Table 1. Recommendations for Isolate Submission to DCLS and Reporting to LHD Based on Hospital/ Reference Laboratory Testing and Electronic Laboratory Reporting (ELR) Capacity

^ Hospitals using an out-of-state reference laboratory must include these findings in the ELR messages if their laboratory information system is able to do so. If not, submit to public health by fax or mail.
⁺ Please contact the HAI/AR Program to inquire if your laboratory can be exempt from sending CRE and CRPA isolates for further testing at DCLS.
* Per agreement with Virginia Department of Health, except when requested for further public health testing.

1. Identify CRE and CRPA isolates that produce a carbapenemase and classify the type of carbapenemase present.
2. Identify early, high-priority results that would require immediate notification to the Centers for Disease Control and Prevention (CDC), and be potentially characterized further at the regional antibiotic resistance laboratory or CDC:
   • Pan-resistance
   • CP-CRE with resistance mechanism other than Klebsiella pneumoniae carbapenemase (KPC)
   • Any CP-CRPA
   • mcr-type resistance
   • Suspected novel resistance mechanism
3. Facilitate submission of isolates with high-priority results to the regional antibiotic resistance laboratory or CDC for additional testing.

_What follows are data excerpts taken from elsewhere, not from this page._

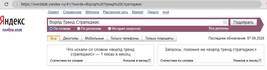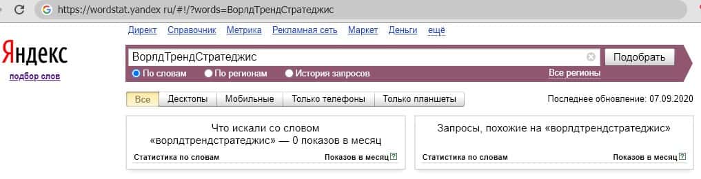 Даже английское название, хоть с пробелами, хоть без никто не ищет. Перед нами результаты показателей запроса "WorldTrendStrategies".
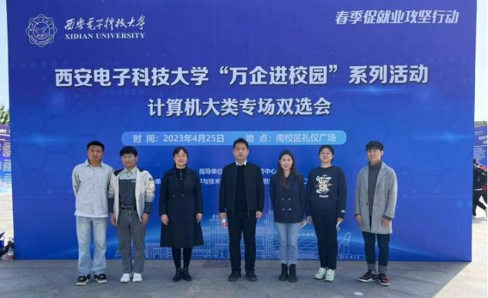4月25日,西安电子科技大学在南校区举办“万企进校园”系列活动。为给龙8在线登录官网-龙8(中国)毕业生提供更多龙8在线登录官网-龙8(中国),拓宽就业渠道,实现高质量就业,龙8在线登录官网-龙8(中国)组织师生前往西安电子科技大学参加专场招聘会。学院党委副书记郭康凌、人工智能专业负责人武杰副教授、研究生辅导员袁珂月带队,部分2023届毕业生及学院2024届本科生、研究生就业大使前往参会。
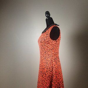 Sweet leopard print mini dress with a Peter Pan black collar. Very cute with black leggings and boots.
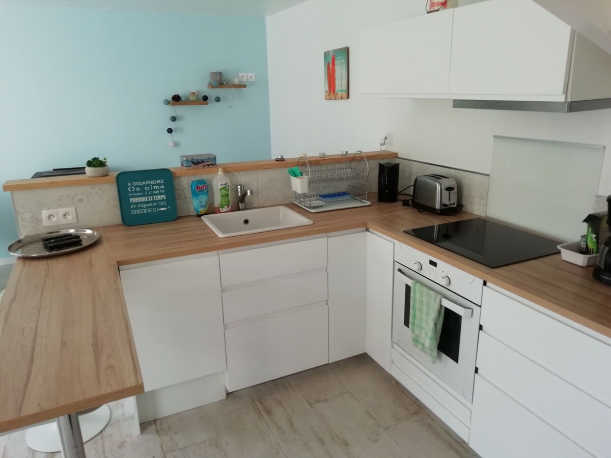 Studio ini direnovasi sepenuhnya pada tahun 2018, oleh seorang desainer interior. Menghadap pantai Saint - Jean, tempat ini dirancang sebagai lokasi di tepi laut, dengan kayu dan bahan papan atas. Studio serupa lainnya, di lantai dasar, tersedia untuk disewakan bagi orang - orang yang ingin datang dengan pasangan lain. Dua studio berada satu di atas yang lain.
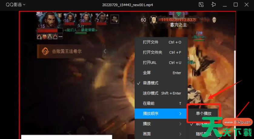 QQ影音是一款专业性的本地播放器,那么QQ影音怎么设置单个播放?QQ影音设置单个播放的方法?下面就让天天下载Ttzip给大家解答下吧! QQ影音怎么设置单个播放? 1、打开QQ影音,右键点击播放页面。 2、然后跳出的页面中,点击“播放顺序”,勾选页面中的“单个播放”即可。 以上就是天天下载Ttzip为您整理的QQ影音怎么设置单个播放?qq影音设置单个播放的方法啦,希望能帮到您。 除特别注明外,本站所有文章均为 天天下载 原创,转载请注明出处来自 https://www.ttzip.com/208556.html
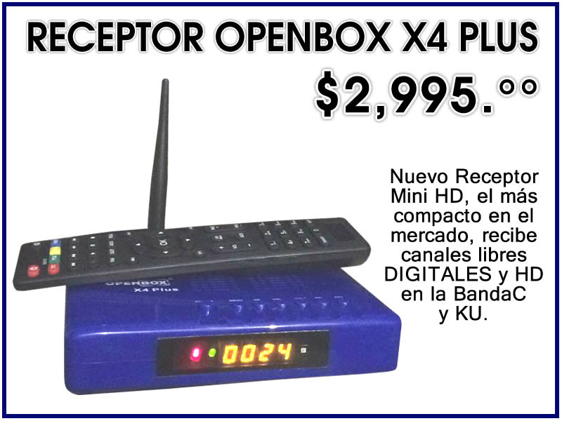 Descripción: El nuevo Receptor OPENBOX X4 PLUS Mini HD con wifi vía USB y función 3G, soporta Cccam, Newcamd, Mgcamd, PowerVu, Biss, Tandberg, Director con autorroll. Con dos puertos de USB WIFI y almacenamiento, todas las funciones de un sistema completo pero con un tamaño compacto y con menor precio. Este equipo es ideal para antenas de la RED EDUSAT (www.edusat.com.mx), Mayor procesador y memoria Ram que el modelo anterior, panel Frontal con 6 botones para controlar sin necesidad del control remoto, menú mucho más amigable, que el anterior Openbox X5, soporta listas IPTV directo, Apps YouTube, You Porn, entre otras muchas más.
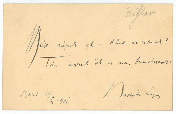 1 S. Qu.-8vo. Zitat in ungarischer Sprache. - Bartok war als Redakteur des Witzblattes "Bolond Istók" ("Der närrische Steffel") in Budapest tätig.
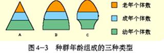 种群的年龄结构是指一个种群中各年龄期的个体数目的比例,大致可以分为右图所示三种类型(图4-3):
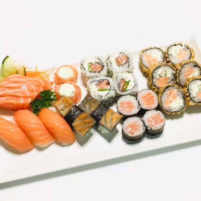 4 Sashimi, 3 Sushi. 2 Salmao Skim, 4 Salmao Maki, 6 Hot Filadelfia, 2 Joe De Salmao Com Crean Cheese
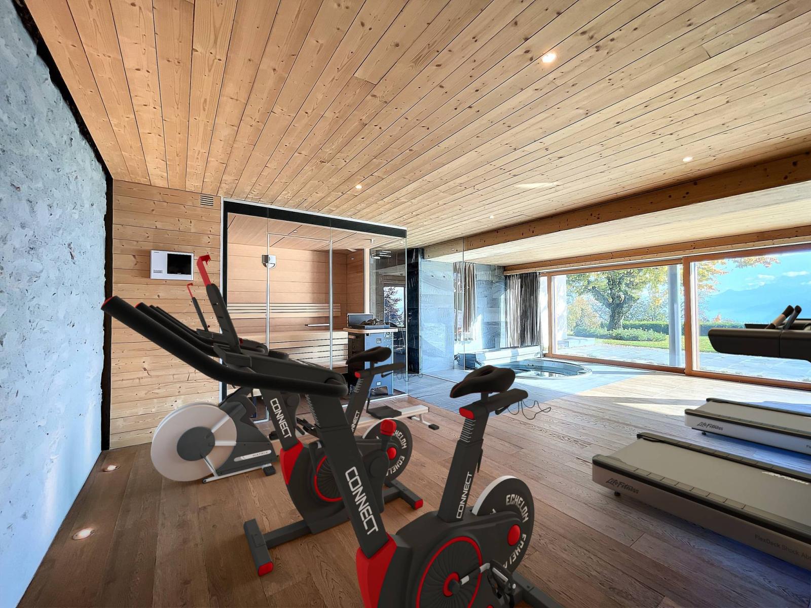 A relaxation room with sauna/jacuzzi, a cellar, outdoor parking spaces and a garage for at least 3 vehicles complete the comfort of this rare property.
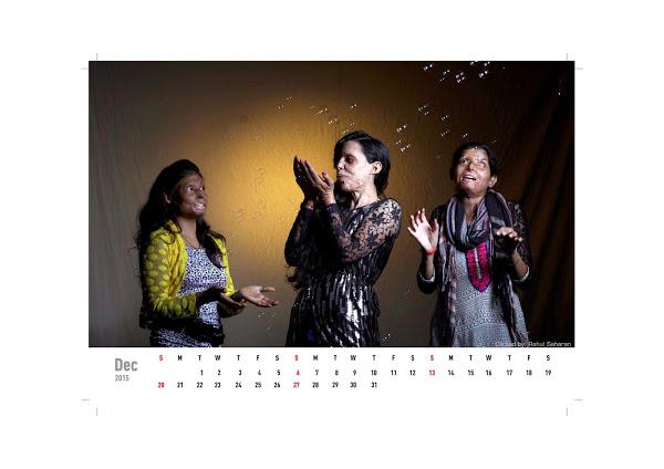 Un grupo de mujeres indias, víctimas de ataques con ácido, posan con ropa diseñada por una de ellas, Rupa. Fueron fotografiadas por Rahul Saharan para "enseñar su rostro más valiente". Un trabajo que ha tomado forma con la realización de un calendario que finaliza en febrero de 2016 y cuyas ventas irán destinadas a la rehabilitación de todas esas mujeres supervivientes de estos ataques en India.
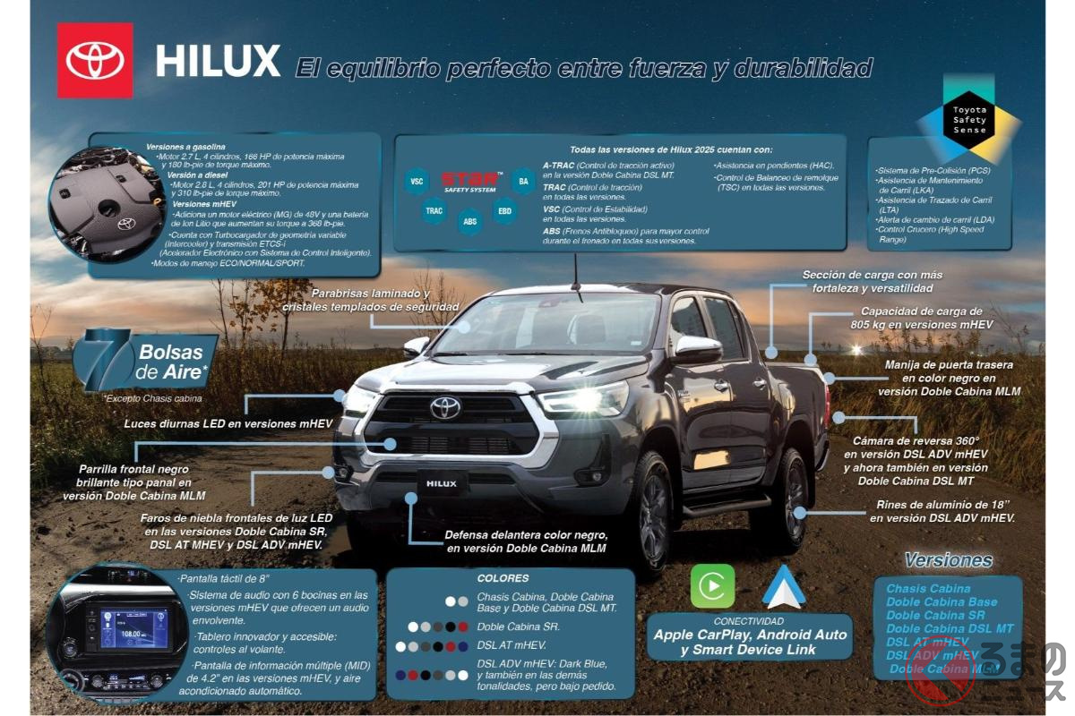 トヨタのメキシコ法人は2025年4月28日、ピックアップトラック「ハイラックス」の新たな2025年モデルの特徴を発表。反響が集まっています。
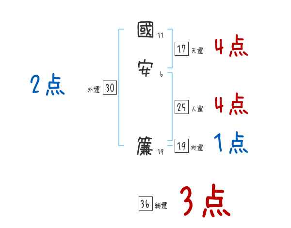 外運![]() | 國安簾さんの外運は30画の2つ星!浮き沈みの激しさに注意しましょう。 生活面を象徴する運勢です。外部から受ける影響力を表し、結婚運、家庭運や職場、環境への順応性を表します。 |
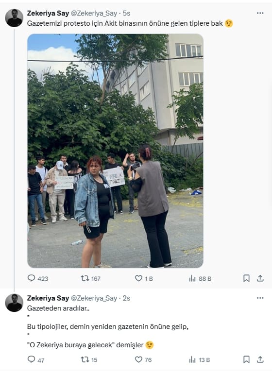 Yeni Akit'in "çarpıldı" başlığına tepki gösteren bir grup genç, gazete binası önünde protesto düzenledi. Protestoda, “Bu bir gazete değildir, bu bir televizyon kanalı değildir; bu bir paçavradır. Gazetecilikle hiçbir ilgisi kalmamış, halkı bilgilendirmek yerine zehirleyen bir propaganda aracıdır” denildi. Zekeriya Say, bu protestoya katılan gençleri de hedef alarak onlarla alay eden paylaşımlarda bulundu.
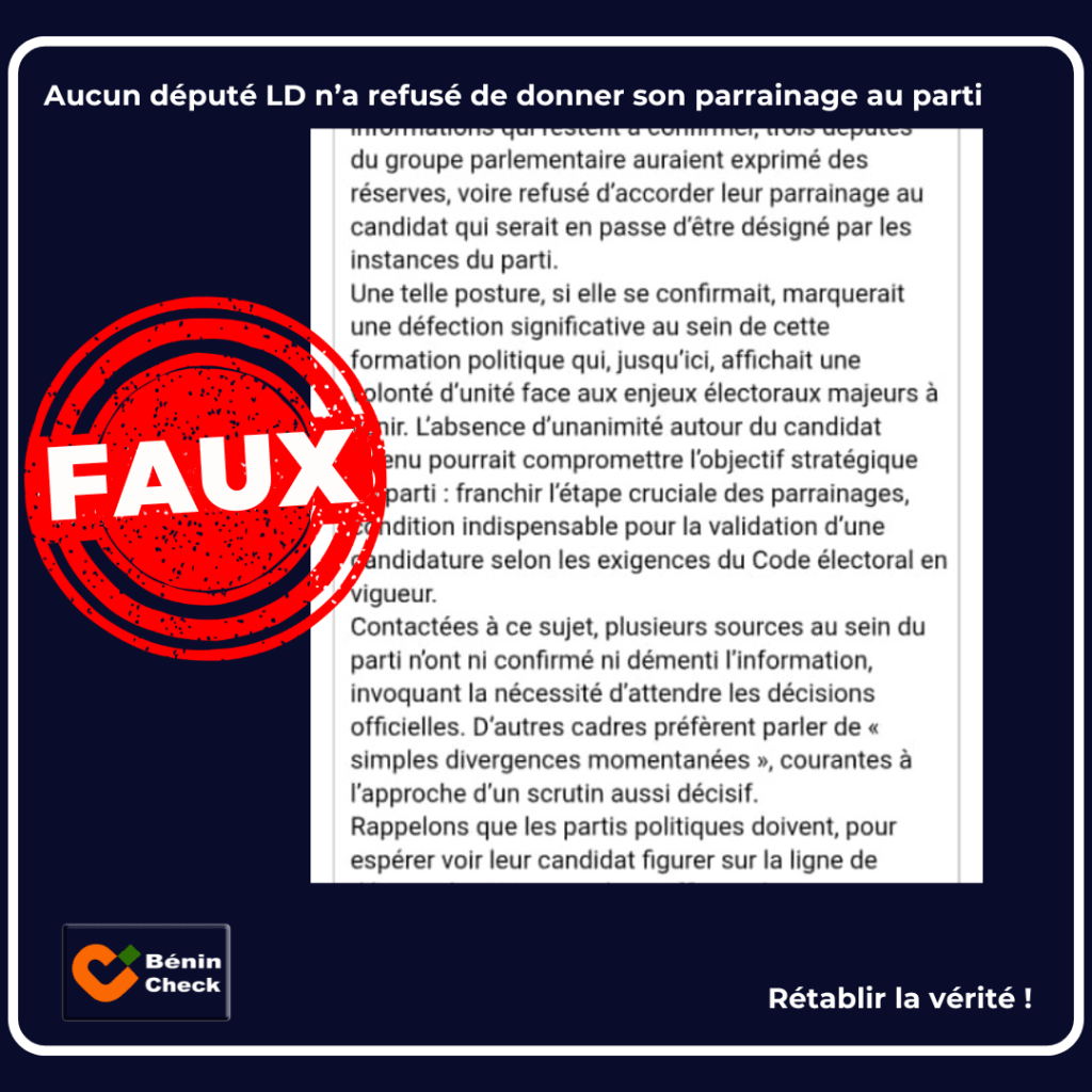 En l’absence de preuves tangibles et au vu du démenti ferme du parti, l’affirmation selon laquelle trois députés de Les Démocrates auraient refusé leur parrainage est non fondée. Le retrait du post par TVC Bénin, sans rectificatif ni explication, renforce la suspicion d’une information erronée. Reste que la capture continue de circuler sur WhatsApp, alimentant une rumeur déjà démentie.
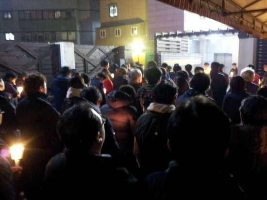 한편, 30일 저녁 7시 화성지회에서 입관식을 진행할 것이라는 소식에 7시 화성공장 앞 촛불추모제에 참가하려던 사람들이 빈소로 모여들었다. 마찰이 예상되자 화성지회는 입관식을 취소했다. 이들은 장례식장 앞에서 저녁 8시 30분경부터 한 시간가량 추모 집회를 진행했다.
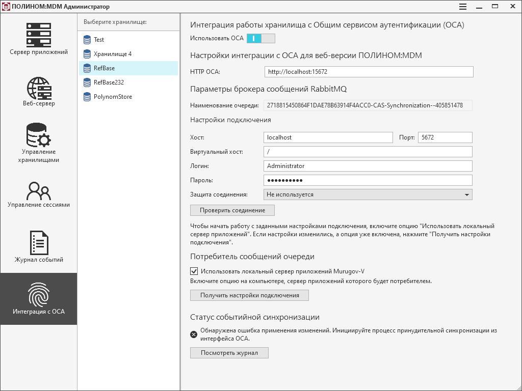 ОСА работает только с веб-версией ПОЛИНОМ:MDM.
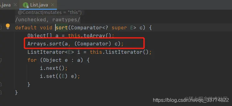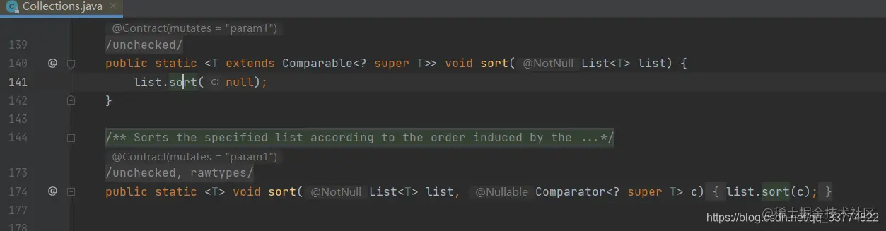 对已知集合c进行排序,底层还是调用的Arrays的sort方法。这部分在之前的文章已经讲过了,Java集合框架Arrays的常见方法
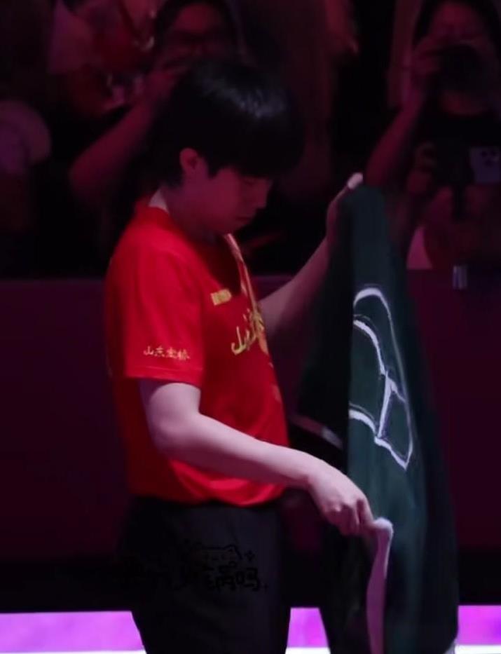 头哥的绿色大奔毛巾。今天上午的乒超联赛比赛现场,头哥拿了一条绿色的大奔毛巾,准确
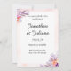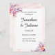 Elegant och romantisk blomsterbröllopsinbjudan med mjuka akvarellblommor i nyanser av rosa, lila och orange. Designen visar upp ett modernt kalligrafiskt teckensnitt för parets namn, vilket ger en touch av sofistikering. Perfekt för vår- eller sommarbröllop, denna anpassningsbara inbjudan innehåller alla viktiga evenemangsuppgifter i en ren, minimal layout med en pastellrosa ram. Idealisk för par som söker ett stilrent och tidlöst meddelande för sin speciella dag.
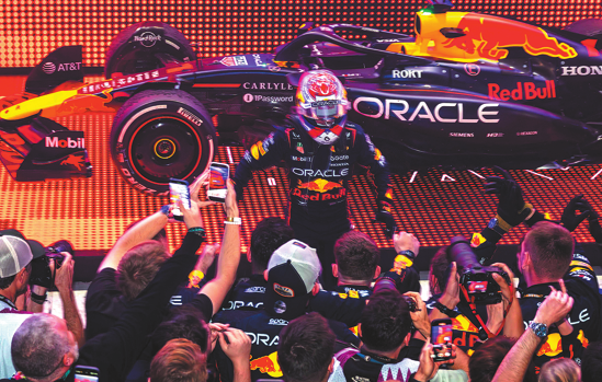Red Bull Racing's Dutch driver Max Verstappen celebrates with his team after winning the Formula One Qatar Grand Prix at the Lusail International Circuit on Sunday. AFP

Testing algorithm conducted at DCLS for Enterobacteriaceae and P. aeruginosa isolates that meet carbapenem AST results requirements (refer to DCLS CRE/CRPA testing instructions)

1. Confirm species identification by MALDI-TOF (Bruker Biotyper)
2. Antimicrobial susceptibility testing (AST) by broth microdilution for all CRE and mCIM-positive CRPA
3. Phenotypic testing for carbapenemase production by modified carbapenem inactivation method (mCIM)
   4. Molecular detection of resistance mechanisms (KPC, NDM, OXA-48-like, VIM, IMP, mcr-1 and mcr-2) by real-time PCR for all CRE and mCIM-positive CRPA

Refer to DCLS CRE/CRPA testing instructions

1. Submit pure suspect CRE or CRPA isolates on slant or plate media. Ship isolates at room temperature.
2. Submit a completed DCLS Clinical Microbiology/Virology Request Form and AST results for each isolate. Testing will be delayed if AST results are not received.
3. Turnaround time for reporting results will be within 6 business days of specimen receipt.
4. Alert value results will be verbally reported within 1 working day of results. Non-alert-value, positive results will be verbally reported within 2 working days of results.
5. A hard copy report of final test results will be provided to the submitter by mail.